Martin Iversen Christensen, European Member of the Board of ILGA (The International Lesbian, Gay, Bisexual, Trans and Intersex Association), said:

“It’s easy to get caught up in the excitement of booking a holiday abroad, especially for a special occasion like a honeymoon. But finding out how suitable a destination is should be a priority, so we welcome the initiative by the FCO to publish travel advice for LGBTI-people. The ILGA monitors the legislation concerning LGBTI-people closely and our website (www.ilga.org) can give an indication if, for instance, same sex marriage is recognised, or if, on the contrary, being gay or lesbian is considered a crime.”

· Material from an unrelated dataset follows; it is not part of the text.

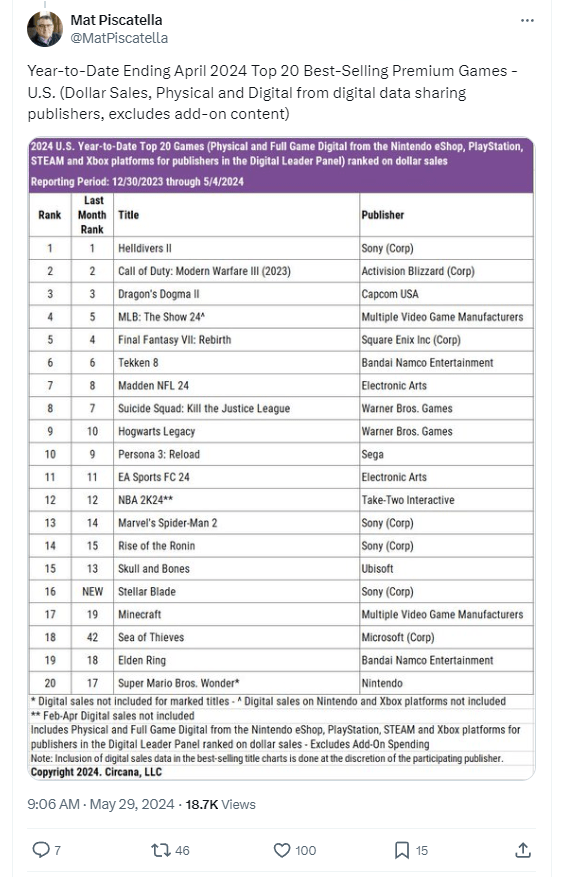 Not only did the game claim the top spot in the month of April, but it is already the 16th most sold game for the entire year. Helldivers II is the top selling game followed by Call of Duty: Modern Warfare III, Dragon’s Dogma II, MLB: The Show ’24, and Final Fantasy VII: Rebirth.

Earlier this year, TheGayWeddingGuide.co.uk created an infographic highlighting their recommendations for LGB&T-friendly honeymoon destinations overseas. Same sex couples travelling abroad can also visit www.gov.uk/lesbian-gay-bisexual-and-transgender-foreign-travel-advice for more information and advice on travelling abroad.



If you would like further information please contact 0207 781 2342or [email protected]


Notes to Editors


The ‘Know Before You Go’ campaign targets a number of audiences, from gap year students to package holidaymakers; sports fans to older travellers and people visiting friends and family abroad. The campaign works with more than 300 travel industry partners to communicate its messages. For more information visit www.gov.uk/knowbeforeyougo.


If you have any enquiries for FCO consular staff before you go or while abroad you can use the FCO’s Twitter service @FCOtravel. Questions are answered 9am-6pm BST, Monday to Friday and FCO staff aim to respond within 30 minutes. This service adds to the ways that British people travelling or living overseas can already get in touch with the FCO: by emailing our travel advice team or contacting local consular staff.


You can also keep up-to-date with the latest FCO travel advice by signing up to the FCO’s Facebook and Twitter feeds: www.facebook.com/fcotravel or twitter.com/fcotravel.


Information about how the FCO can help British nationals abroad:


The FCO can:
  • Issue you with an emergency travel document
  • Provide information about transferring money
  • Provide help if you have suffered rape or serious sexual or physical assault, are a victim of crime, are ill or in hospital
  • Give you a list of local lawyers, interpreters, doctors or funeral directors
  • Contact you if you are detained abroad
  • Contact friends and family back home for you if you wish
  • Provide help in cases of forced marriage
  • Assist people affected by parental child abduction
The FCO cannot:
  • Help you enter a country if you do not have a valid passport or necessary visas
  • Give you legal advice or translate documents
  • Investigate crimes or get you out of prison
  • Get you better treatment in hospital or prison than is given to local people, but we will raise concerns if treatment falls below internationally recognised standards
  • Pay any bills or give you money
  • Make travel arrangements for you



[i]Survey conducted by OnePoll in July 2014, from a nationally representative sample of 500 LGB&T individuals.